Think: if NAND flash storage arrays were being developed today, what is the chance that we’d put the flash into little bricks and then plug a bunch of them into a backplane? So why do it now?
It is a truism of design that when a new technology is developed, we use it to build what we have today. It is only in later generations that we realize the new possibilities enabled by the technology. And those generations can be long, even in computers.
For all out talk about the rapid pace of computer innovation, the market for the tried-and-true is much larger than the one innovators fight over.
Why SSD-based arrays are a bad idea
To be clear, this discussion covers storage arrays built with standards-based (i.e. SATA, SAS, 2.5″ or similar) SSDs.
- Latency. Low compared to disks, but substantial compared to flash. SAS/SATA stacks were never optimized because disk latency was the big problem.
- SSD bandwidth. There are wider options, especially close to the CPU.
- Reliability. SSDs replace the head/media assembly in disk drives with NAND chips. The rest of the SSD has all the tender bits of a regular disk – bits that account for about half of all disk failures.
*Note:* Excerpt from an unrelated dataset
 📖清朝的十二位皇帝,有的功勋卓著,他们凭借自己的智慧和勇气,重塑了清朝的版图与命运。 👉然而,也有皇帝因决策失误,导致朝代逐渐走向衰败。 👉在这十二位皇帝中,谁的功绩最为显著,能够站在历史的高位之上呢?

Compare DIMM and disk replacement rates.
- Cost. SSDs cost 50%-100% more than the raw flash, even after using all the high-volume disk components. Mounting directly on PC boards, like DIMMs or PCIe cards, is much more cost effective.
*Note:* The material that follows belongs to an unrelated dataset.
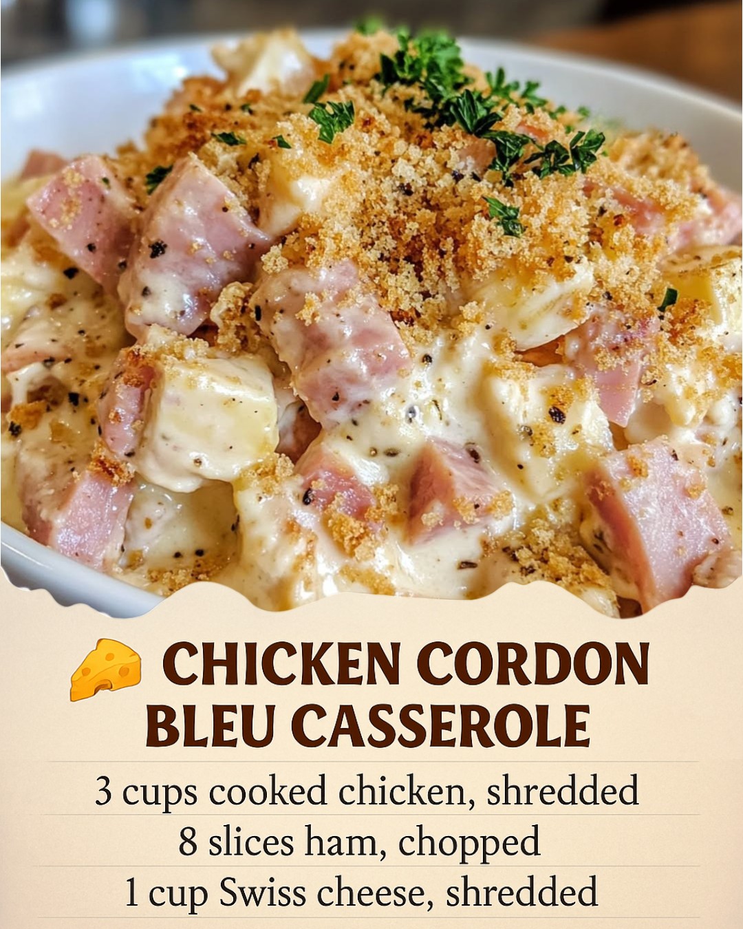 This Chicken Cordon Bleu Casserole is a delicious, family-friendly twist on the classic dish—without all the breading and rolling! Featuring layers of shredded chicken, savory ham, melty Swiss cheese, and a creamy Dijon-infused sauce, it’s topped with buttery breadcrumbs for a crispy finish. Easy to prep and ultra comforting, this casserole makes a perfect weeknight dinner or holiday side.

- Flexibility. The good news with SSDs is that they take advantage of the huge tech infrastructure that supports disks. But that’s the bad news too, if an optimized clean-sheet architecture is the goal.
How big an issue is cost? DRAM on a DIMM is ≈98% of the DIMM’s cost, where the flash in an SSD ≈50%-65% of the cost. And since flash costs are dropping faster than the other component costs, so will its percentage of SSD cost.
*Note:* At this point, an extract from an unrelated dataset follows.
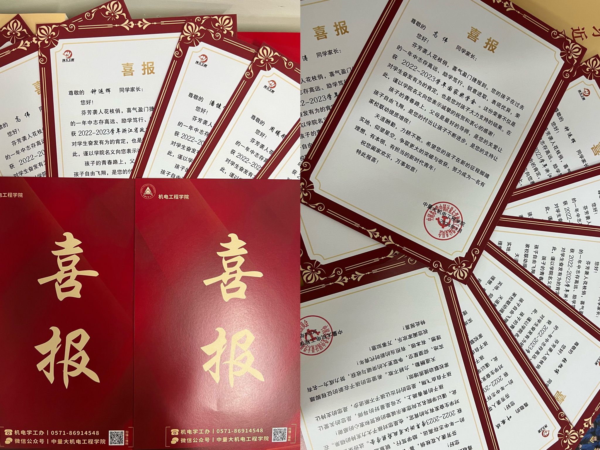 为进一步搭建家校联动育人平台,在家校共育中凝聚思政育人合力,机电工程学院近期面向2023年度国家奖学金、国家励志奖学金、省政府奖学金、第六届“积淀先锋”以及首届“乘风奖学金”学业进步奖获得者家庭邮寄喜报,开展“喜报传佳音”活动。

Given the high cost of flash media compared to disk, efficient media usage is a major issue. Will flash SSDs pass that test?
A less important but related metric: rackspace. SSDs are inefficient users of racks, taking perhaps 2x the space of non-SSD flash arrays per TB. Few customers will care, but the ones who do write big checks.
The StorageMojo take
The massive technological momentum behind SSD-based arrays make them a popular option for both vendors and customers. After 20 years of RAID arrays, customers get the model. There’s a large raft of hardware and software support for disk drives that SSDs can use.
That cuts time-to-market and development cost. Given the performance advantages of SSDs over disks it is an easy win for customers even if the architecture is sub-optimal.
The squeeze comes later: if non-SSD architectures have significant advantages the SSD-based arrays will lose market share and gross margin. Flash-based SSDs make sense for many applications where their cost is a small percentage of the total solution.
Building storage arrays from SSDs is opportunistic, not strategic. It isn’t the future for high-end storage, but less-demanding mid-markets may not care.
Courteous comments welcome, of course. I’m really interested in any holes in the logic of this analysis. Please weigh in.
Great article and I agree. It will be nice if EMC Project Thunder proves us right 🙂
Hi Robin,
Enjoy your blog. Just to clarify, are you making a distinction between SSDs and Flash memory with respect to form-factor and placement?
What customers like about RAID is the guarantee (i.e. promise) of uptime in the event of a failure.
Disks fail and we know that so we plan for that. Are SSDs so much more reliable than disks that we shouldn’t worry about uptime? I don’t think so. Even if they never fail, FLASH SSDs will wear out and require replacement.
A SAS or SATA package gives you some guarantee that when the SSD fails or wears out, you’ll be able to replace it with another SAS or SATA SSD. In all likelihood, the original model you purchased will be obsolete by then. but because it uses an industry standard interface, you are covered.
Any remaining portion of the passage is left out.